Official implementation of the beat tracker from the ISMIR 2024 paper "Beat This! Accurate Beat Tracking Without DBN Postprocessing" by Francesco Foscarin, Jan SchlĂĽter and Gerhard Widmer.

Inference

To predict beats for audio files, you can either use our command line tool or call the beat tracker from Python. Both have the same requirements unless you go for the online demo.

Online demo

To process a small set of audio files without installing anything, open our example notebook in Google Colab and follow the instructions.

Requirements

The beat tracker requires Python with a set of packages installed:

  1. Install PyTorch 2.0 or later following the instructions for your platform.
  2. Install further modules with pip install tqdm einops soxr rotary-embedding-torch. (If using conda, we still recommend pip. You may try installing soxr-python and einops from conda-forge, but rotary-embedding-torch is only on PyPI.)
  3. To read other audio formats than .wav, install ffmpeg or another supported backend for torchaudio. (ffmpeg can be installed via conda or via your operating system.)

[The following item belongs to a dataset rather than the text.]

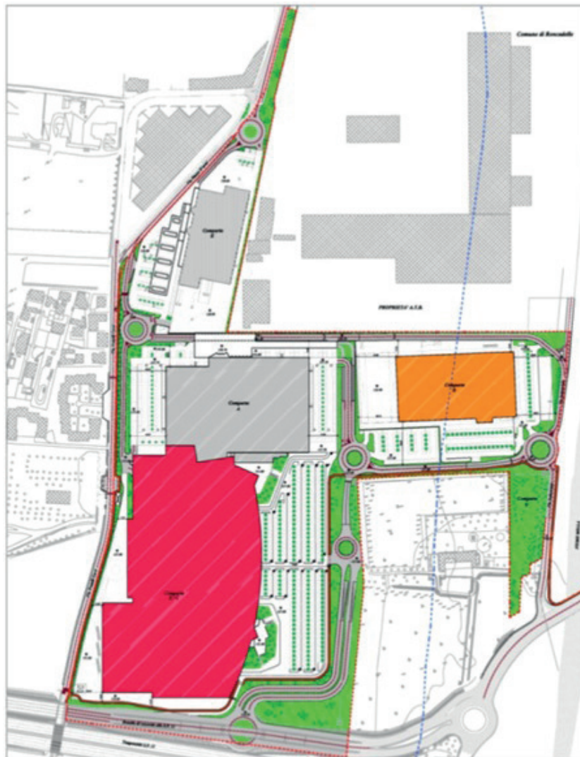
FIGURE 1: The "Mella 2000" project *.

With regard to the delimitation of removal operations, it has been taken into account that the area of intervention is characterized by multiple presences of sub-service lines (traced high voltage power line Terna; high-pressure meth-

Finally, install our beat tracker with:

pip install https://github.com/CPJKU/beat_this/archive/main.zip

Command line

Along with the python package, a command line application called beat_this is installed. For a full documentation of the command line options, run:

beat_this --help

The basic usage is:

beat_this path/to/audio.file -o path/to/output.beats

To process multiple files, specify multiple input files or directories, and give an output directory instead:

beat_this path/to/*.mp3 path/to/whole_directory/ -o path/to/output_directory

The beat tracker will use the first GPU in your system by default, and fall back to CPU if PyTorch does not have CUDA access. With --gpu=2, it will use the third GPU, and with --gpu=-1 it will force the CPU. For recent GPUs, passing --float16 may improve speed. If you have a lot of files to process, you can distribute the load over multiple processes by running the same command multiple times with --touch-first, --skip-existing and potentially different options for --gpu:

for gpu in {0..3}; do beat_this input_dir -o output_dir --touch-first --skip-existing --gpu=$gpu & done

If you want to use the DBN for postprocessing, add --dbn. The DBN parameters are the default ones from madmom. This requires installing the madmom package.

Python class

If you are a Python user, you can directly use the beat_this.inference module.

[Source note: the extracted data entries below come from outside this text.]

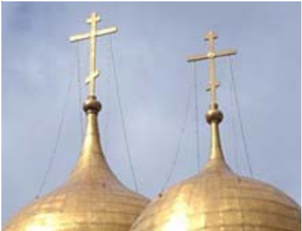
Thieves frequently target churches in Russian countryside

Local prosecutors had been informed and an investigation was under way, a spokesman for the local Russian Orthodox Church said. The disappearance of the Church of the Resurrection, some 300 km (186 miles) north-east of Moscow, was not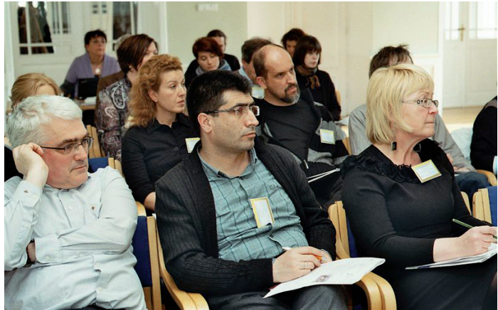
EUROCLIO General Assembly 2011, Krzyżowa (Poland), 9 April 2011

The Annual EUROCLIO General Assembly 2011 was held in Krzyżowa, Poland on 9 April with 13 Member Associations present. The representatives discussed a new membership approach and decided to have an online voting on this issue, in order to allow maximum member input. The Assembly also accepted 2 organizations from Austria and Turkey as new (Associated) Members of the Association.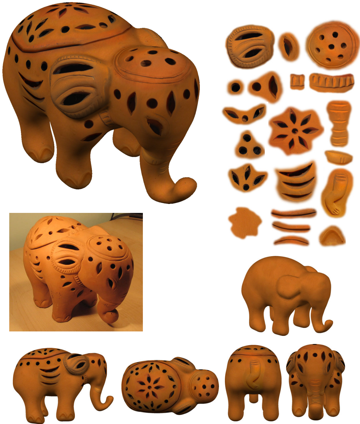
Figure 2: An implicit model of the clay elephant statuette in the photograph was created with sketch-based modeling software in under an hour. Then, photographs of the statuette were taken and from those photographs a set of feature textures were extracted (upper right). A base texture was also extracted, which was lapped to create a base model. Then the feature textures were interactively placed over the base model. Texture placement was very quick, the total time including taking photographs and cutting out the relevant features was approximately an hour. However, low lighting conditions and “automatic color balancing” hardware on the digital camera resulted in each photograph (and its feature textures) having a slightly different color balance from the base texture and each other. Manual color balancing took an additional two to three hours.

First, instantiate an instance of the File2Beats class that encapsulates the model along with pre- and postprocessing:

from beat_this.inference import File2Beats
file2beats = File2Beats(checkpoint_path="final0", device="cuda", dbn=False)

To obtain a list of beats and downbeats for an audio file, run:

audio_path = "path/to/audio.file"
beats, downbeats = file2beats(audio_path)

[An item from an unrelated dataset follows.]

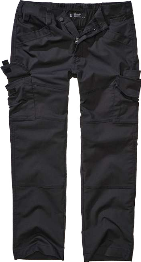
11002 · black

Optionally, you can produce a .beats file (e.g., for importing into Sonic Visualizer):

from beat_this.utils import save_beat_tsv
outpath = "path/to/output.beats"
save_beat_tsv(beats, downbeats, outpath)

If you already have an audio tensor loaded, instead of File2Beats, use Audio2Beats and pass the tensor and its sample rate. We also provide Audio2Frames for framewise logits and Spect2Frames for spectrogram inputs.

Available models

Models are available for manual download at our cloud space, but will also be downloaded automatically by the above inference code. By default, the inference will use final0, but it is possible to select another model via a command line option (--model) or Python parameter (checkpoint_path).

Main models:

  • final0, final1, final2: Our main model, trained on all data except the GTZAN dataset, with three different seeds. This corresponds to "Our system" in Table 2 of the paper. About 78 MB per model.
  • small0, small1, small2: A smaller model, again trained on all data except GTZAN, with three different seeds. This corresponds to "smaller model" in Table 2 of the paper. About 8.1 MB per model.
  • single_final0, single_final1, single_final2: Our main model, trained on the single split described in Section 4.1 of the paper, with three different seeds. This corresponds to "Our system" in Table 3 of the paper. About 78 MB per model.
  • fold0, fold1, fold2, fold3, fold4, fold5, fold6, fold7: Our main model, trained in the 8-fold cross-validation setting with a single seed per fold. This corresponds to "Our" in Table 1 of the paper. About 78 MB per model.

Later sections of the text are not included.